A espécie, portanto, significa o todo que está no indivíduo, e contém em si as

diferenças individuais, como foi dito. É possível predicar “homem” de Sócrates porque tudo o

que está determinado no indivíduo, e que não é princípio essencial, encontra-se indeterminado

na espécie. No entanto, não é possível definir “Sócrates”, porque o indivíduo não pode ser

essencialmente conhecido em sua individualidade.

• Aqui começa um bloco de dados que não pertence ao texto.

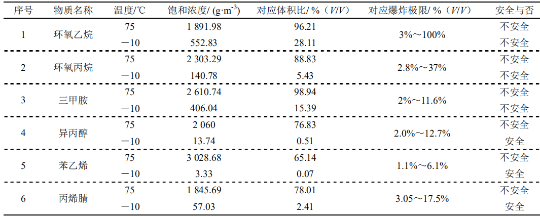 1不同溫度下有機(jī)物飽和濃度安全性分析

Não é possível definir essencialmente o indivíduo, porque obrigaria o intelecto a abstrair uma diferença formal entre indivíduos da mesma espécie, o que é impossível, visto que formalmente os indivíduos da mesma espécie são idênticos, ou seja, partilham do mesmo princípio formal.57

Não se diz que “Sócrates” tenha definição, porque a essência do indivíduo só pode

ser inteligida como espécie, ainda que se possa reconhecer sua individualidade. O indivíduo

pode ser, porém, universalmente conhecido por sua espécie. A matéria, portanto, “é o suporte

a partir do qual o intelecto humano apreende o princípio formal, por um processo ativo sobre

as notas sensoriais apreendidas do ente em sua materialidade”58.

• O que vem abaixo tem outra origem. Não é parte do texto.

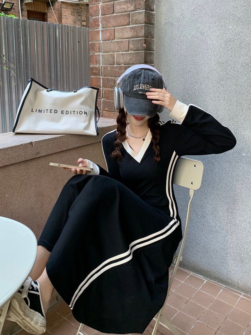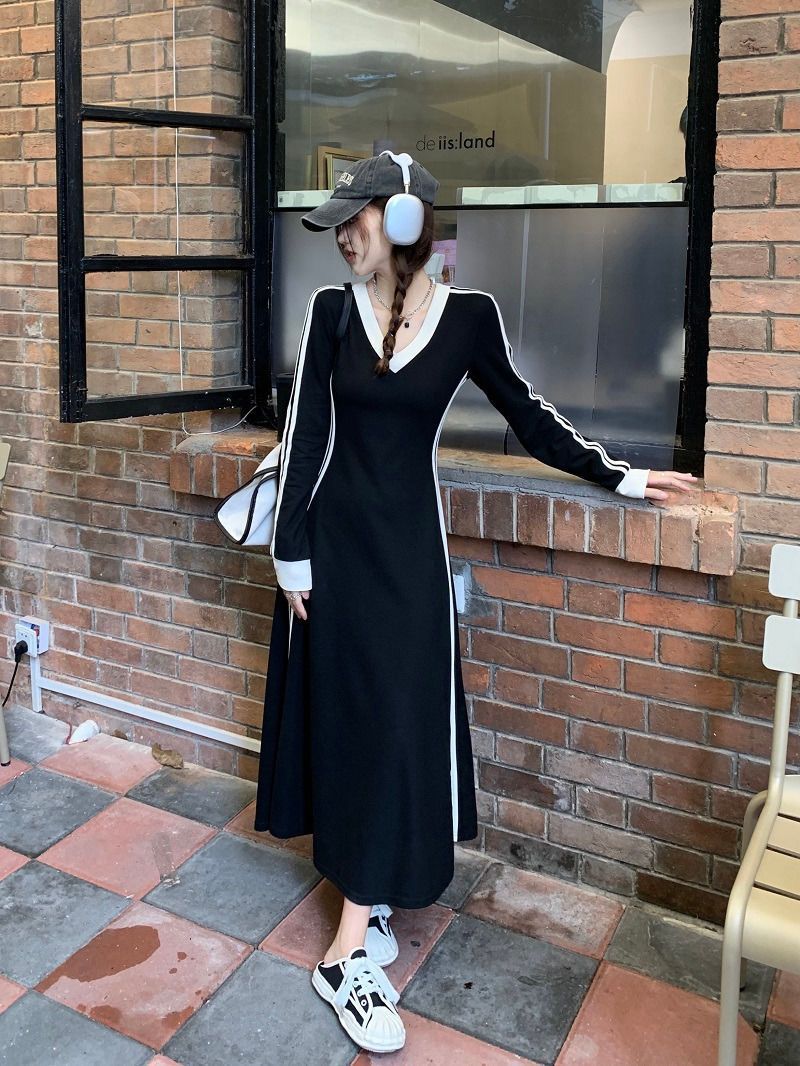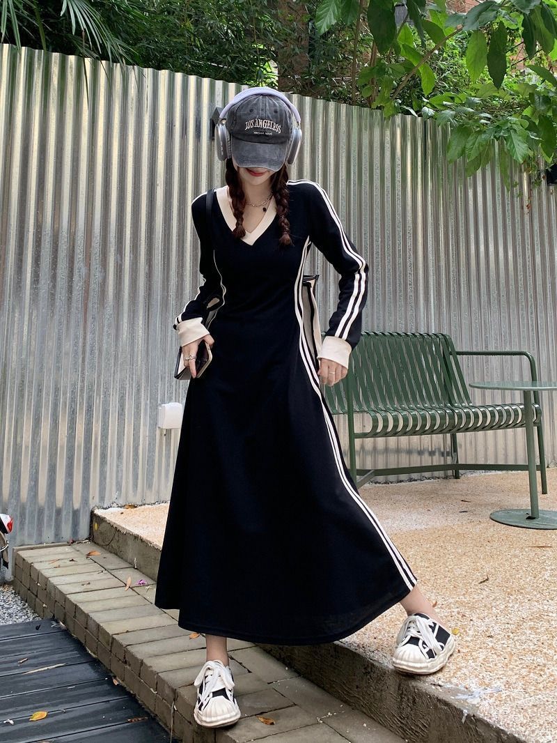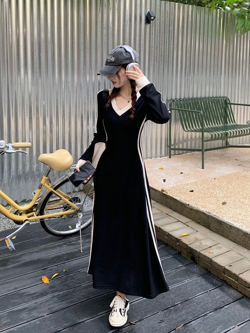 Baju pelangsing pinggang wanita, baju panjang lintas batas Musim Semi dan musim gugur warna hitam di atas lutut ukuran ekstra besar mm 200 kg leher-v

3.2. A essência tomada como parte

Até agora tratamos da essência a modo de todo. Passaremos à essência a modo de

parte, que se dá com exclusão da matéria assinalada.

Em “homem”, ao excluir-se a matéria assinalada, tem-se a “humanidade”, que é a

essência de homem a modo de parte, ou, ainda, a quididade: “de fato, humanidade significa

aquilo donde procede que o homem seja homem”59. A matéria assinalada “não é aquilo donde

procede que o homem seja homem, e assim, não está contida de modo nenhum naquilo a

partir do que o homem tem o ser homem”. Isto é, a matéria assinalada apenas individualiza a

essência, mas não pertence a ela. Excluindo-se a matéria assinalada, resta a essência abstrata

ou quididade, aquilo pelo qual algo é o que é.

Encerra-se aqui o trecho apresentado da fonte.